I think only the first might be required, and only the first will be seen 
if logging verbosity < 2 (default is 2).

So there are two path checker problems I can see (in 
multipath-tools-0.4.7.rhel5.13):

- the rdac checker leaves the message set to "path down" when path
   transitions back to up or ghost.
- multipathd prints the message on every PATH_DOWN except the first when
   verbosity is >= 2, and on every PATH_UP or PATH_GHOST except the first
   when verbosity is >= 4.

---
Charlie

--
dm-devel mailing list
dm-devel@redhat.com
https://www.redhat.com/mailman/listinfo/dm-devel
Chandra Seetharaman June 25, 2009, 6:29 p.m. UTC | #7
Yes, I agree... Your patch should work as you expect.

Thanks

chandra
On Wed, 2009-06-24 at 16:19 -0400, Charlie Brady wrote:
> On Wed, 24 Jun 2009, Chandra Seetharaman wrote:
> 
> > We do not want to print these messages as they will be flooding
> > your /var/log/messages even when everything is good.
> 
> Agreed.
> 
> > We want to print these messages only to get User's attention.
> 
> Agreed.
> 
> > If your concern is that the last message is "down", then we should be
> > having a static variable and print up or ghost message only once (when
> > we toggle from down to up/ghost).
> 
> You do have a static variable, so that messages are only printed when the 
> status changes.
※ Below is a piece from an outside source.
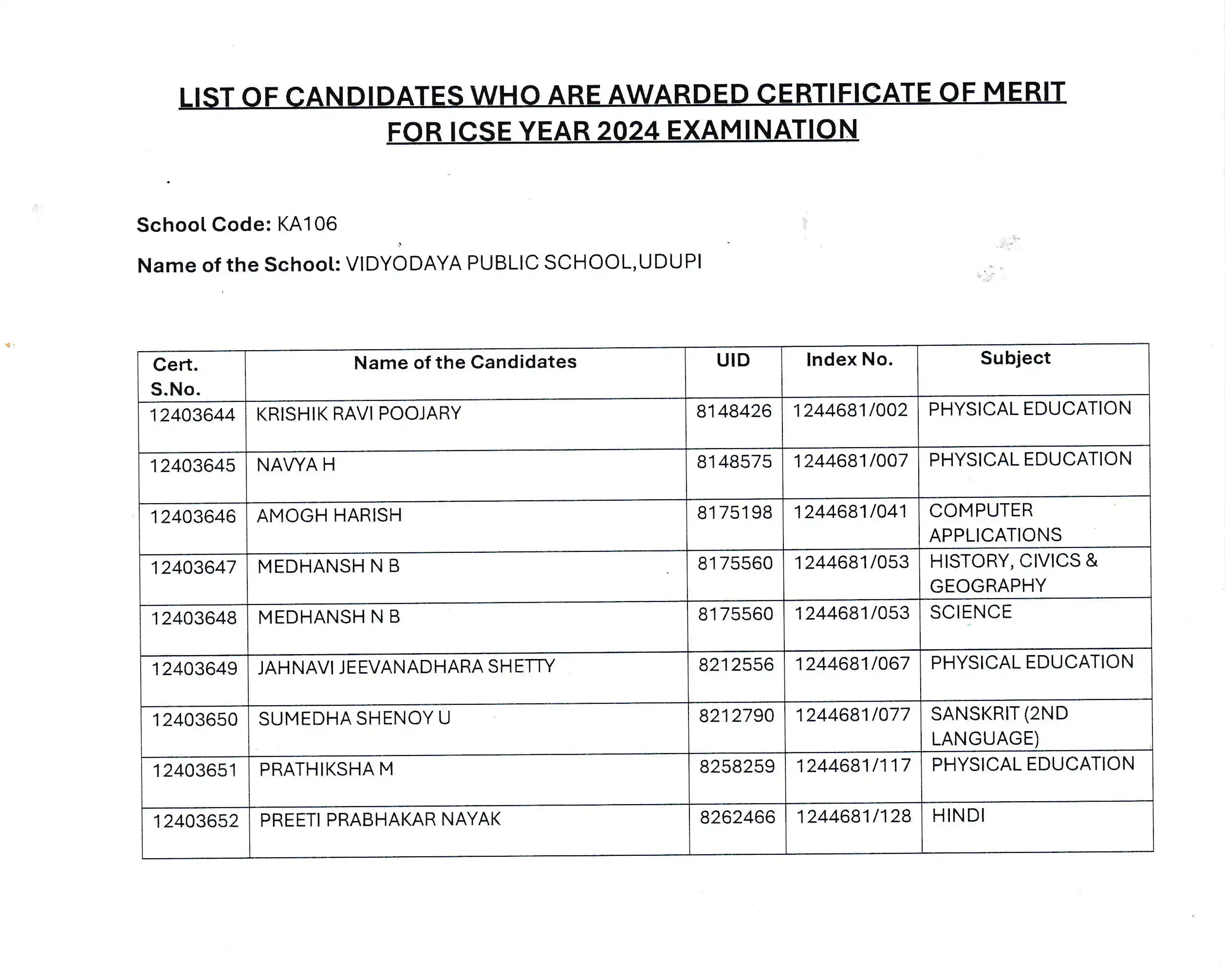 At Vidyodaya Public School, excellence is not just a goal—it’s a tradition. This year, we are thrilled to announce that eight of our outstanding students have been recognized with the prestigious Certificate of Merit by the Council for the Indian School Certificate Examinations (CISCE). This remarkable achievement underscores the dedication, hard work, and academic prowess of our students across nine subjects.

However, because of the missing MSG() calls when the 
> status is PATH_UP and PATH_GHOST, then the string printed is "path down", 
> when it should be "path up" or "path ghost".
> 
> I believe that the patch is good. The MSG() calls will change the message 
> string, and then the higher layer will notice the status change, and print 
> the message.
> 
> Please check the code and correct me if I am wrong.
> 
> >
> > chandra
> > On Tue, 2009-06-23 at 15:50 -0400, Charlie Brady wrote:
> >> It seems to me that this patch is required, to fix a problem with "path
> >> down" messages being logged when the path transitions to up (and
> >> presumably ghost).
> >>
> >> --- libcheckers/rdac.c.orig     2009-06-23 15:38:05.371422000 -0400
> >> +++ libcheckers/rdac.c  2009-06-23 15:39:28.020843000 -0400
> >> @@ -105,5 +105,12 @@
> >>                  return PATH_DOWN;
> >>          }
> >>
> >> -       return ((inq.avtcvp & 0x1) ? PATH_UP : PATH_GHOST);
> >> +       if (inq.avtcvp & 0x1) {
> >> +               MSG(c, MSG_RDAC_UP);
> >> +               return PATH_UP;
> >> +       }
> >> +       else {
> >> +               MSG(c, MSG_RDAC_GHOST);
> >> +               return PATH_GHOST;
> >> +       }
> >>   }
> >>
> >> --
> >> dm-devel mailing list
> >> dm-devel@redhat.com
> >> https://www.redhat.com/mailman/listinfo/dm-devel
> >
> > --
> > dm-devel mailing list
> > dm-devel@redhat.com
> > https://www.redhat.com/mailman/listinfo/dm-devel
> >

--
dm-devel mailing list
dm-devel@redhat.com
https://www.redhat.com/mailman/listinfo/dm-devel
Charlie Brady June 25, 2009, 6:40 p.m. UTC | #8
On Thu, 25 Jun 2009, Chandra Seetharaman wrote:

> Yes, I agree... Your patch should work as you expect.

Thanks - bmarzins@sourceware.org has already committed the fix.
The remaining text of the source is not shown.